Beginning at the line containing "GIVSKUD ZOO –", repeat each line below exactly up to and including the line containing "2. 拥有海量独具匠心的关卡". Do not repeat the pictures.

STUDY MATERIAL:
————

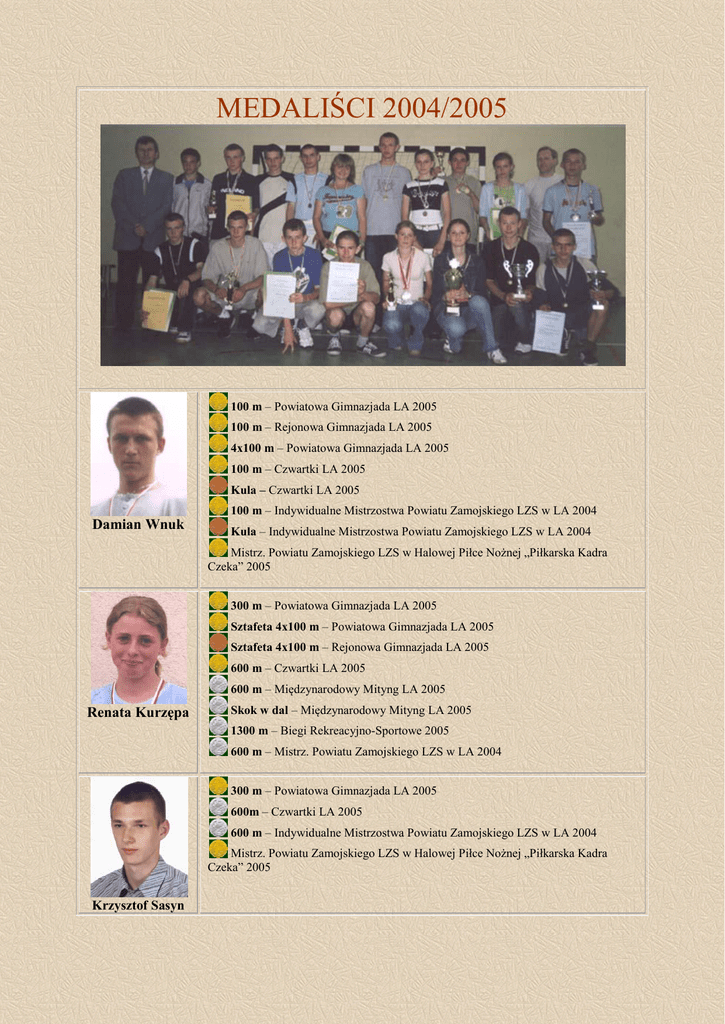 MEDALIŚCI 2004/2005 100 m – Powiatowa Gimnazjada LA 2005 100 m – Rejonowa Gimnazjada LA 2005 4x100 m – Powiatowa Gimnazjada LA 2005 100 m – Czwartki LA 2005 Kula – Czwartki LA 2005 100 m – Indywidualne Mistrzostwa Powiatu Zamojskiego LZS w LA 2004 Damian Wnuk Kula – Indywidualne Mistrzostwa Powiatu Zamojskiego LZS w LA 2004 Mistrz. Powiatu Zamojskiego LZS w Halowej Piłce Nożnej „Piłkarska Kadra Czeka” 2005 300 m – Powiatowa Gimnazjada LA 2005 Sztafeta 4x100 m – Powiatowa Gimnazjada LA 2005 Sztafeta 4x100 m – Rejonowa Gimnazjada LA 2005 600 m – Czwartki LA 2005 600 m – Międzynarodowy Mityng LA 2005 Renata Kurzępa Skok w dal – Międzynarodowy Mityng LA 2005 1300 m – Biegi Rekreacyjno-Sportowe 2005 600 m – Mistrz. Powiatu Zamojskiego LZS w LA 2004 300 m – Powiatowa Gimnazjada LA 2005 600m – Czwartki LA 2005 600 m – Indywidualne Mistrzostwa Powiatu Zamojskiego LZS w LA 2004 Mistrz. Powiatu Zamojskiego LZS w Halowej Piłce Nożnej „Piłkarska Kadra Czeka” 2005 Krzysztof Sasyn Skok w dal – Powiatowa Gimnazjada LA 2005 Sztafeta 4x100 m – Powiatowa Gimnazjada LA 2005 Skok w dal – Czwartki LA 2005 100 m – Międzynarodowy Mityng LA 2005 Skok w dal – Międzynarodowy Mityng LA 2005 Marcin Kuśmierz 2000 m - Powiatowa Gimnazjada LA 2005 2000 m - Rejonowa Gimnazjada LA 2005 600 m – Międzynarodowy Mityng LA 2005 Mateusz Rozkres 100 m – Powiatowa Gimnazjada LA 2005 Sztafeta 4x100 m – Powiatowa Gimnazjada LA 2005 100 m – Rejonowa Gimnazjada LA 2005 Sztafeta 4x100 m – Rejonowa Gimnazjada LA 2005 Agnieszka Skraban 600 m – Indywidualne Mistrzostwa Powiatu Zamojskiego LZS w LA 2005 Sztafeta 4x100 m – Powiatowa Gimnazjada LA 2005 Mistrz. Powiatu Zamojskiego LZS w Halowej Piłce Nożnej „Piłkarska Kadra Czeka” 2005 Stanisław Bodys Skok w dal – Indywidualne Mistrzostwa Powiatu Zamojskiego LZS w LA 2004 Skok w dal – Czwartki LA 2005 Edyta Firek Sztafeta 4x100 m – Powiatowa Gimnazjada LA 2005 Sztafeta 4x100 m – Rejonowa Gimnazjada LA 2005 600 m – Indywidualne Mistrzostwa Powiatu Zamojskiego LZS w LA 2004 Ewelina Pejda Oszczep – Indywidualne Mistrzostwa Powiatu Zamojskiego LZS w LA 2005 Ewa Bodziuch Kula – Indywidualne Mistrzostwa Powiatu Zamojskiego LZS w LA 2005 Sylwia Albingier Sztafeta 4x100 m – Powiatowa Gimnazjada LA 2005 Sztafeta 4x100 m – Rejonowa Gimnazjada LA 2005 Ewa Bondyra 1000 m – Indywidualne Mistrzostwa Powiatu Zamojskiego LZS w LA 2004 Radosław Żuk 600 m – Indywidualne Mistrzostwa Powiatu Zamojskiego LZS w LA 2004 Radosław Pańczyk 600 m – Międzynarodowy Mityng La 2005 Piotr Batalia Oszczep – Czwartki LA 2005 Rafał Prass Mistrz. Powiatu Zamojskiego LZS w Halowej Piłce Nożnej „Piłkarska Kadra Czeka” 2005 Paweł Pilipczuk Mistrz. Powiatu Zamojskiego LZS w Halowej Piłce Nożnej „Piłkarska Kadra Czeka” 2005 Damian Kowalczuk Kula – Powiatowa Gimnazjada LA 2005 Kula – Czwartki LA 2005 Kula – Międzynarodowy Mityng LA 2005 Kula – Indywidualne Mistrzostwa Powiatu Zamojskiego LZS w LA 2004 Anna Cirut Kula – Międzynarodowy Mityng LA 2005 Łukasz Ćwierz Sztafeta 4x100 m – Powiatowa Gimnazjada LA 2005 Szczepan Kania Powiatowa Gimnazjada SZS w Sztafetowych Biegach Przełajowych Zbigniew Podkański nauczyciel w-f Grzegorz Pyś Stanisław Bodys Krzysztof Sasyn Damian Wnuk Krzysztof Pyś Bartłomiej Bajaka Radosław Żuk Mateusz Rozkres Adrian Korneluk Radosław Pańczyk 2004 I miejsce
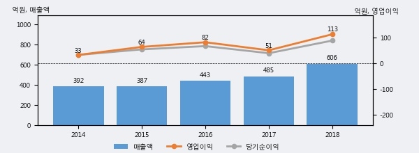 최근 3년간의 실적을 살펴보면 안정적 성장세를 보이고 있다. 최근 3년간 매출로 볼 때 매년 증가하고 있고 그 증가폭도 확대되고 있다.
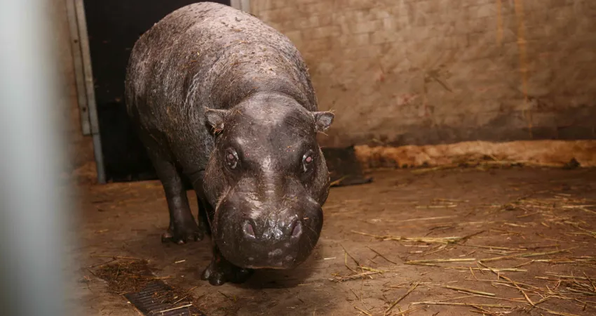 GIVSKUD ZOO – ZOOTOPIAs dværgflodhest Micro Chip kommer gerne ind, når dyrepasser Tina Frisk kommer til stalden om morgenen. For hun har nemlig vænnet ham til, at der er snacks, når han kommer ind i stalden.
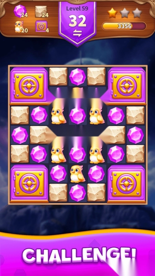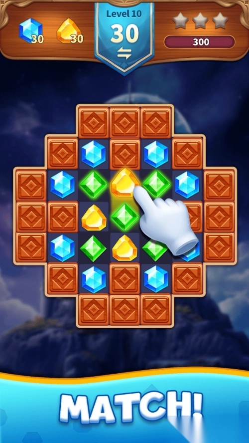 2. 拥有海量独具匠心的关卡设计,玩家需在限定步数内尽可能多地消除宝石,累积的分数会随着消除数量的增加而不断提升。
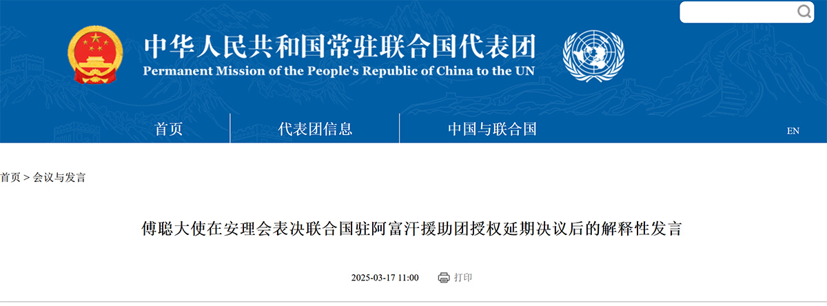 3月17日,中國常駐聯合國代表團網站發佈中國常駐聯合國代表傅聰在安理會表決聯合國駐阿富汗援助團授權延期決議後的解釋性發言,全文如下:
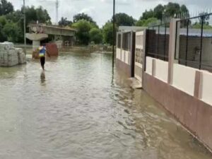 UP में नदियों का जलस्तर बड़ा, मिर्जापुर में बाढ़ के पानी में तैरता दिखा कंक्रीट का मकान
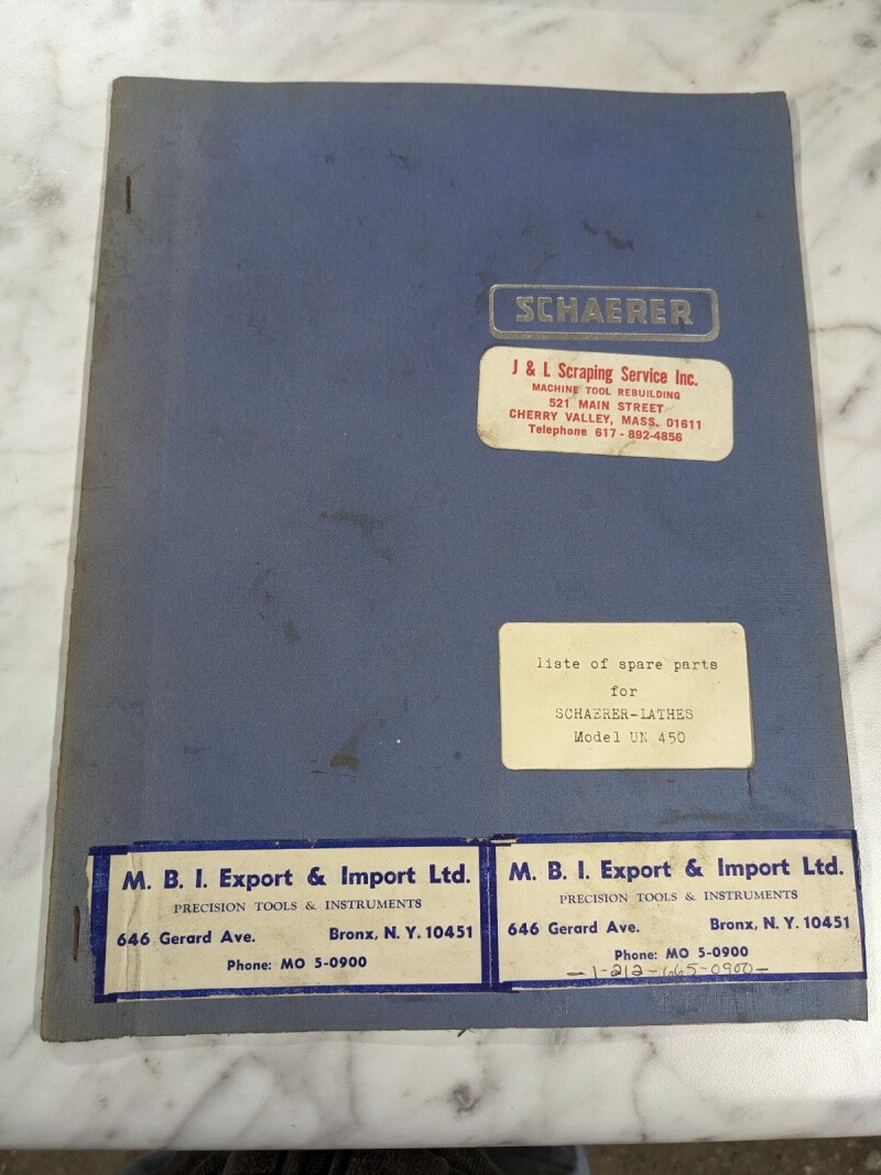 Shaerer Service Parts List Book Manual Catalog Lathes Model Un 450 Machine Tool
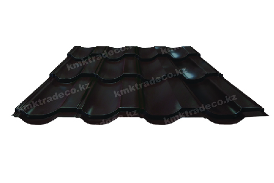 Металлическая кровля имеет максимальное сходство с натуральной черепицей. Листы изготовлены из тонколистовой стали толщиной 0.50 мм с МАТТ (матовым) покрытием премиум-класса – придаёт поверхности кровли необычный матовый «бархатистый» вид. Цвет – RAL 8019 Серо-коричневый. Высота профиля – 25+/-1 мм.
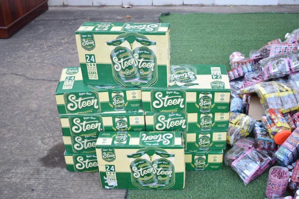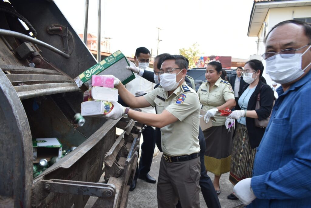 ຈາກນັ້ນໄດ້ນຳເອົາສິນຄ້າເສື່ອມຄຸນມາທຳລາຍປະກອບມີ: ນ້ຳຫວານອັດລົມ, ຄິມຊອງແຕງໂມ, ເບຍສະຕິງ, ໂລຊັ້ນຜິວໃສ, ເຊລ້ຳທາໜ້າ, ສະບູຂັດຜິວ, ເຂົ້າໜົມອົມ, ຄິມກັນແດດ, ເຂົ້າໜົມຊ໋ອກໂກແລັດເບີເກີ້,ໃນຕາເວັ້ນ, ສະບູລ້າງໜ້າ,ກາເຟລວມ, ຄິມທາໜ້າລວມ ແລະ ອື່ນໆ ຕື່ມອີກ.
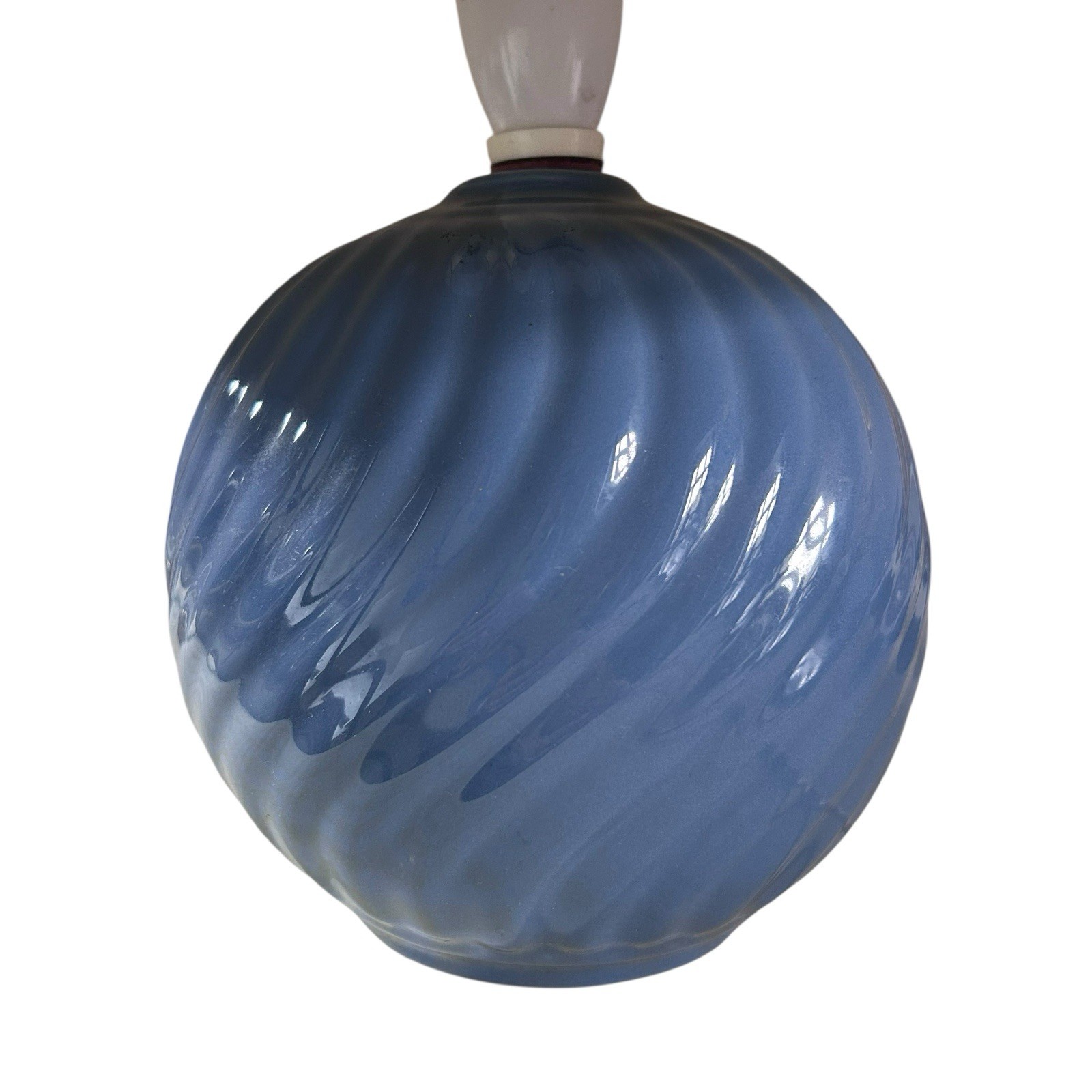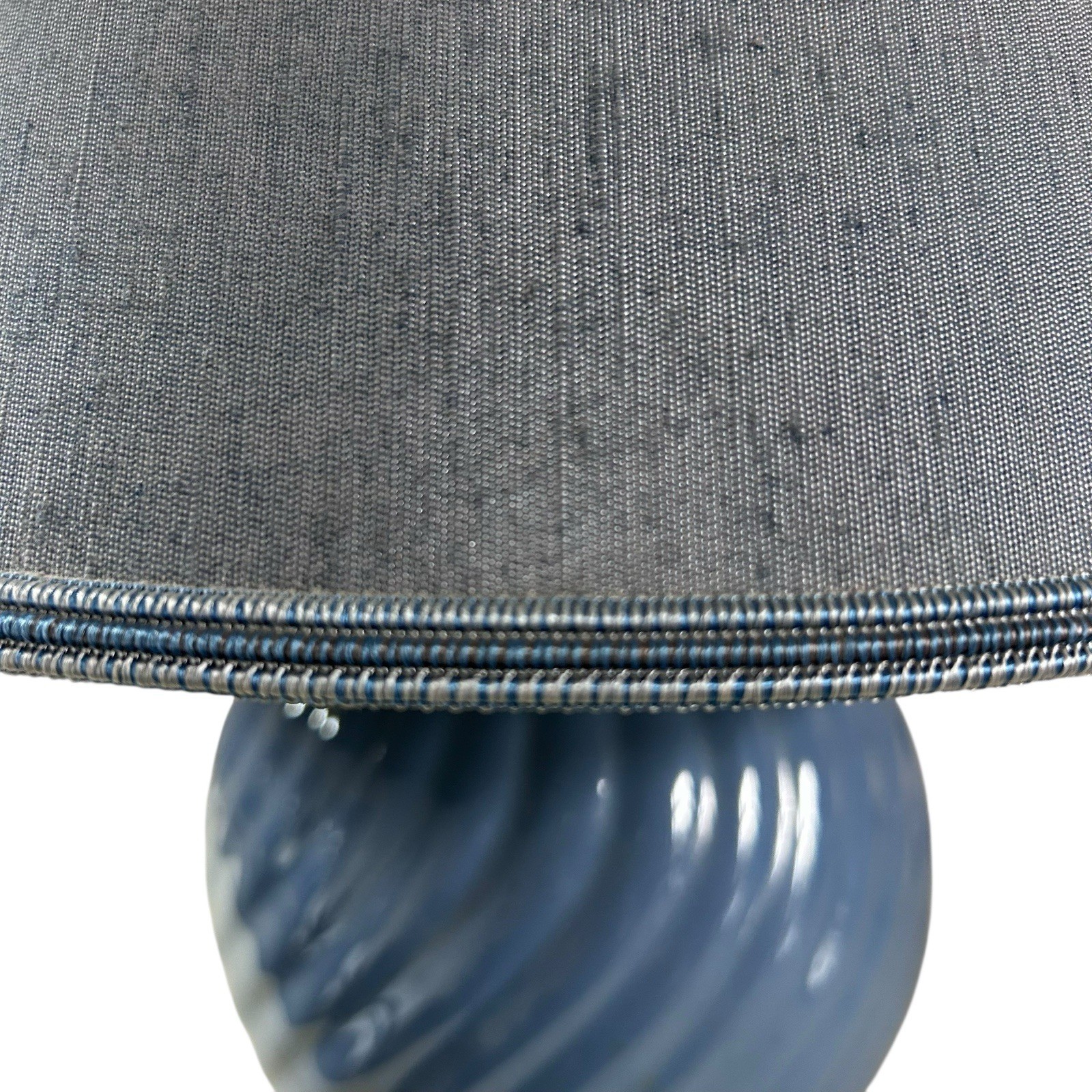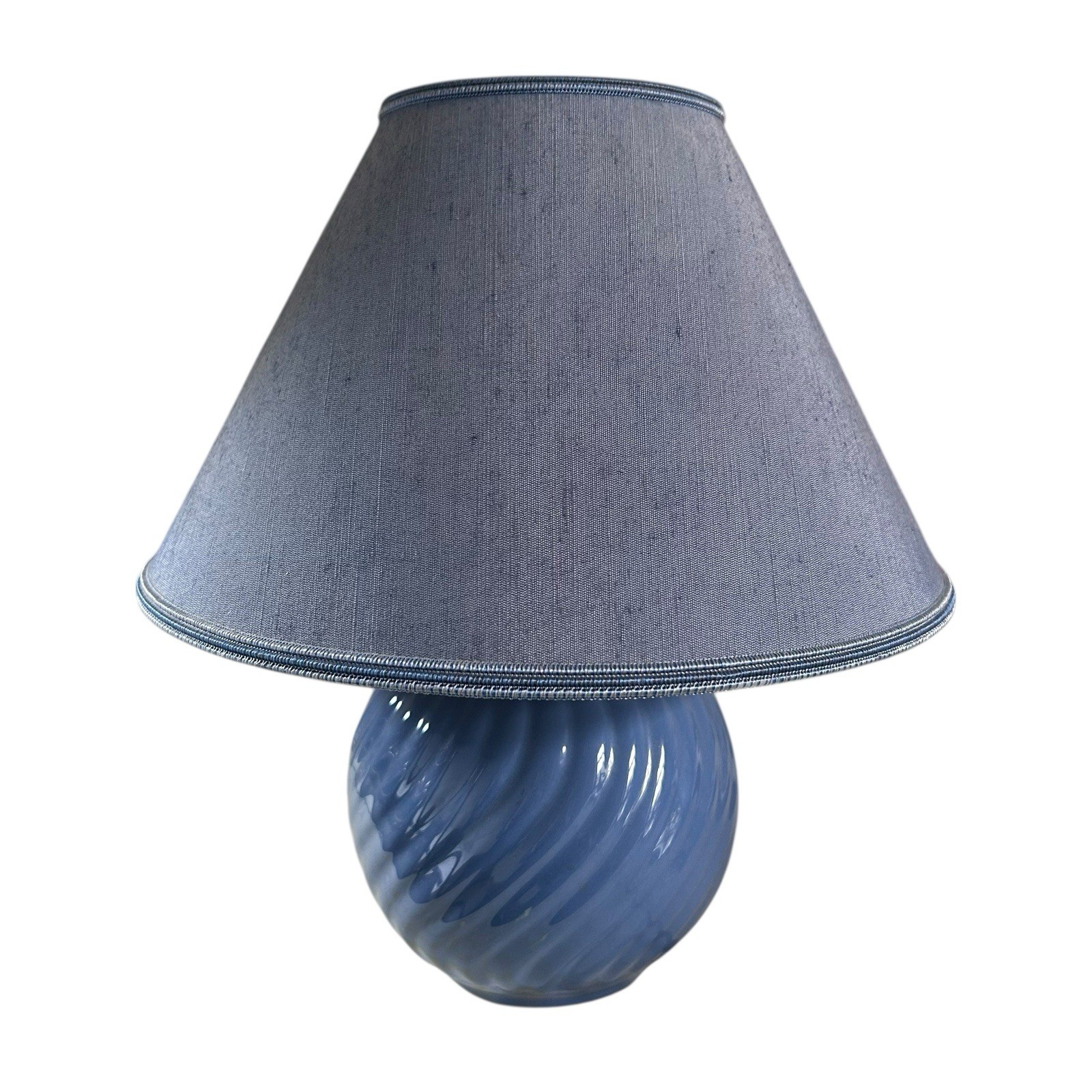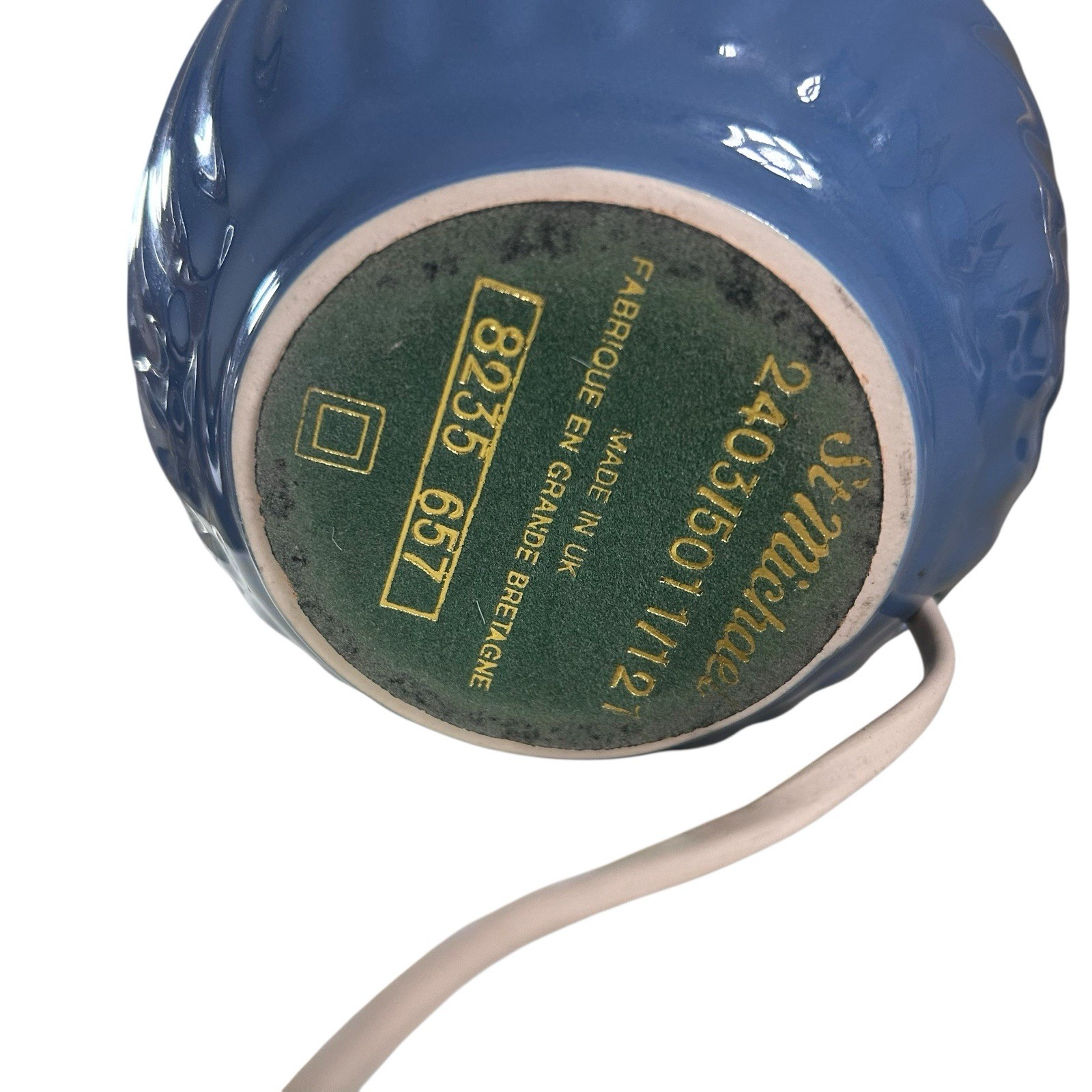 The base is ceramic, blue, with a swirl ribbed effect. The lampshade is also blue with blue trim. It takes 1 bayonet bulb (not included). There is a switch on the bulb housing so you can turn it on/off. The base has a felt covering to protect your surfaces. White wire with UK mains plug.

————

EXPECTED OUTPUT:
 GIVSKUD ZOO – ZOOTOPIAs dværgflodhest Micro Chip kommer gerne ind, når dyrepasser Tina Frisk kommer til stalden om morgenen. For hun har nemlig vænnet ham til, at der er snacks, når han kommer ind i stalden.
 2. 拥有海量独具匠心的关卡设计,玩家需在限定步数内尽可能多地消除宝石,累积的分数会随着消除数量的增加而不断提升。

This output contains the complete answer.